= What is needed =
If a line below falls between the line with "Diese schöne und" and the line with "O Brasil está", or is one of those two, output it exactly; output nothing else and no pictures.

= Source material =
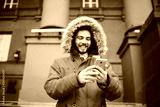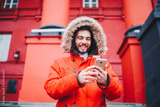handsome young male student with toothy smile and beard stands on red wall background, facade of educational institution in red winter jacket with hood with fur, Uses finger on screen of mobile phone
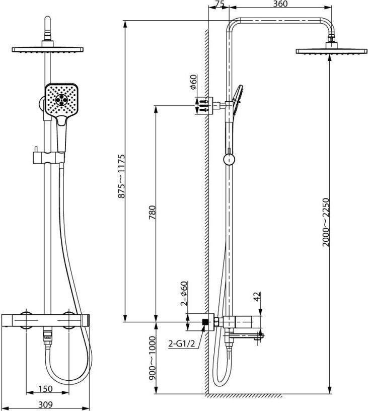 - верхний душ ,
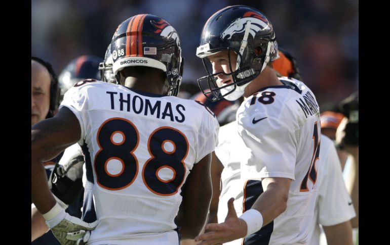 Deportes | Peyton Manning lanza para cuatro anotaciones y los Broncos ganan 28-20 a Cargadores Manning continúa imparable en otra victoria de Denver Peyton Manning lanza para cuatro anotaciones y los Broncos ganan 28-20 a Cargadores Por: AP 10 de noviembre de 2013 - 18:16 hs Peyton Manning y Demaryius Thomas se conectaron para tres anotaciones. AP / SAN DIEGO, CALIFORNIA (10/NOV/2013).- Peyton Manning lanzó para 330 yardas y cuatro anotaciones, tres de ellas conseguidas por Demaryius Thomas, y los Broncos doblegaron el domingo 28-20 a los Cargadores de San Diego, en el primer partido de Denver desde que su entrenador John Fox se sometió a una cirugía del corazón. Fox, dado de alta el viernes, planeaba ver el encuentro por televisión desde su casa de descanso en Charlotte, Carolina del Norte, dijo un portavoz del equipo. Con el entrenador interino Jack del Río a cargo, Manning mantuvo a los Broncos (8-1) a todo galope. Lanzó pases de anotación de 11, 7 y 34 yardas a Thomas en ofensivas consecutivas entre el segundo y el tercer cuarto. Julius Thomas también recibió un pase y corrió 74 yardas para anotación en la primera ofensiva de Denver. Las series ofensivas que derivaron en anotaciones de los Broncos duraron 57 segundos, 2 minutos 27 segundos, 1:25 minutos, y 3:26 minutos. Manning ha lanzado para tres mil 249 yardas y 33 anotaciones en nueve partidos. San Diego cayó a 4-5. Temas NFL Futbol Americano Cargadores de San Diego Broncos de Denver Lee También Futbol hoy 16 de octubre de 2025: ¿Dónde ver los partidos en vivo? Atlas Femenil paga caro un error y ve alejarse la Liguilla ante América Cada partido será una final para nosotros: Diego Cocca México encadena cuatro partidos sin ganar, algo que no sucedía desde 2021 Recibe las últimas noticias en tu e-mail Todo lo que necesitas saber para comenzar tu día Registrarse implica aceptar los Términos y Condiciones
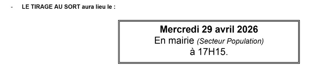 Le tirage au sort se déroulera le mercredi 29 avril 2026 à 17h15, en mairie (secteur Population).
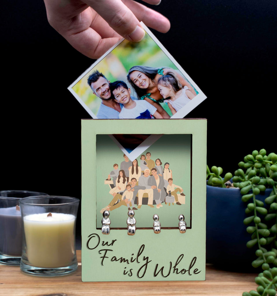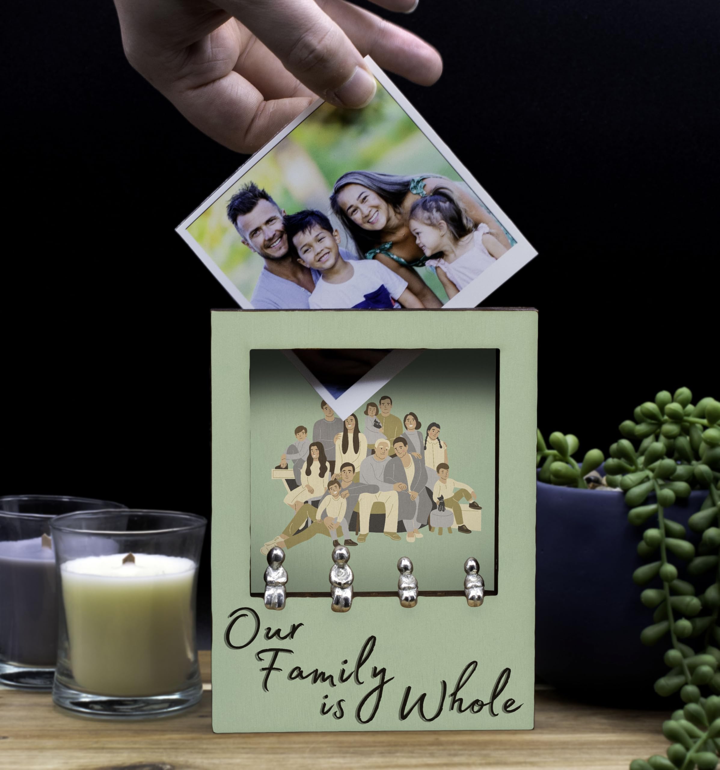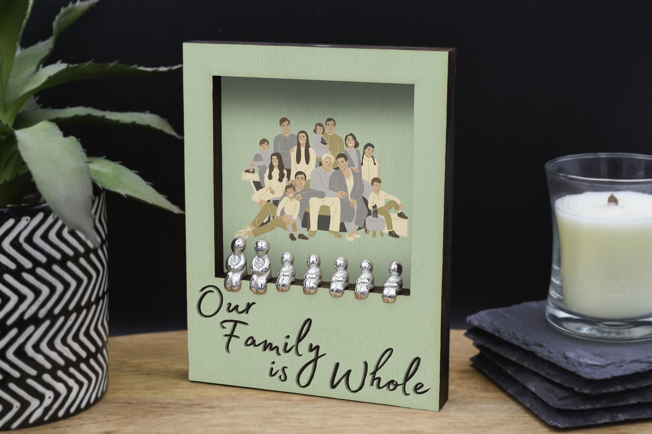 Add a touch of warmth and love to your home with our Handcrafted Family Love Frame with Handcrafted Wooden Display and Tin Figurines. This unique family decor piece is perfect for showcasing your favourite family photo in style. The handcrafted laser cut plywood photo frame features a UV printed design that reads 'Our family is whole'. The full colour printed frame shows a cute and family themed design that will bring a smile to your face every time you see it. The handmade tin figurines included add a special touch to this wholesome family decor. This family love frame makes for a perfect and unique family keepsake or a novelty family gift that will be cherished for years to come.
--
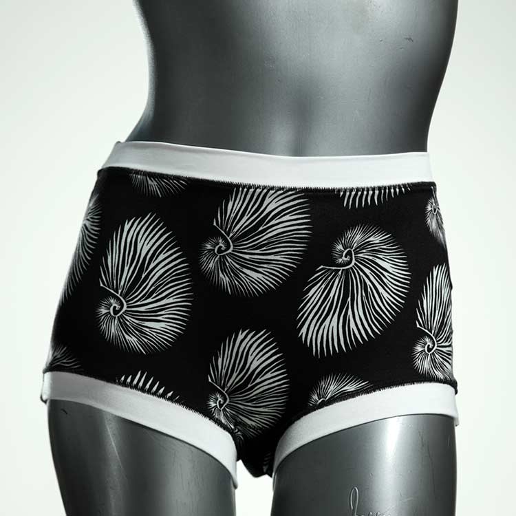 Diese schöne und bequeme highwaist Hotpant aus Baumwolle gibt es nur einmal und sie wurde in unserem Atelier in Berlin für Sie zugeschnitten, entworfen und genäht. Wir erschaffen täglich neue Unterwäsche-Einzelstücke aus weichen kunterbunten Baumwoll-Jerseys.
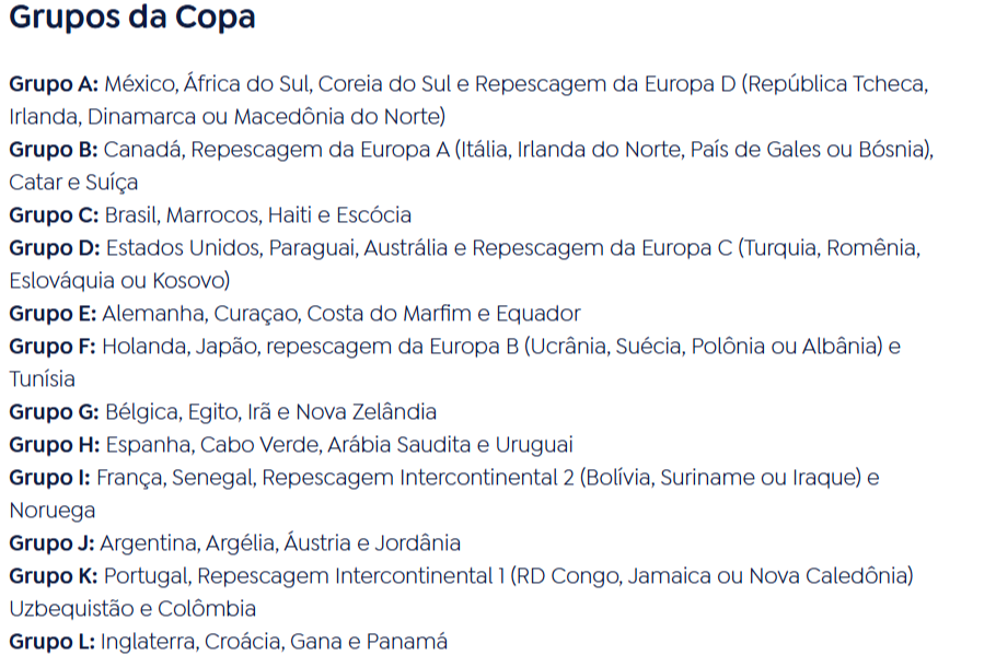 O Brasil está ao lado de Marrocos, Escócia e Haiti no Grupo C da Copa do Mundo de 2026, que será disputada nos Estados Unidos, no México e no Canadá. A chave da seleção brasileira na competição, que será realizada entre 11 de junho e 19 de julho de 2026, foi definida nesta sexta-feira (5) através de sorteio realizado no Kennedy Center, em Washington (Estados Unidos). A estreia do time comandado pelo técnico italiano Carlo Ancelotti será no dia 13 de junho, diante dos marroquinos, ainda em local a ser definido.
* * *
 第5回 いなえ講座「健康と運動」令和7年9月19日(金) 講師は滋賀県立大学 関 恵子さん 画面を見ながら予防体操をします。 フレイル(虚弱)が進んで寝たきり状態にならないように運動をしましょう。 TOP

= Output of the exercise =
 Diese schöne und bequeme highwaist Hotpant aus Baumwolle gibt es nur einmal und sie wurde in unserem Atelier in Berlin für Sie zugeschnitten, entworfen und genäht. Wir erschaffen täglich neue Unterwäsche-Einzelstücke aus weichen kunterbunten Baumwoll-Jerseys.
 O Brasil está ao lado de Marrocos, Escócia e Haiti no Grupo C da Copa do Mundo de 2026, que será disputada nos Estados Unidos, no México e no Canadá. A chave da seleção brasileira na competição, que será realizada entre 11 de junho e 19 de julho de 2026, foi definida nesta sexta-feira (5) através de sorteio realizado no Kennedy Center, em Washington (Estados Unidos). A estreia do time comandado pelo técnico italiano Carlo Ancelotti será no dia 13 de junho, diante dos marroquinos, ainda em local a ser definido.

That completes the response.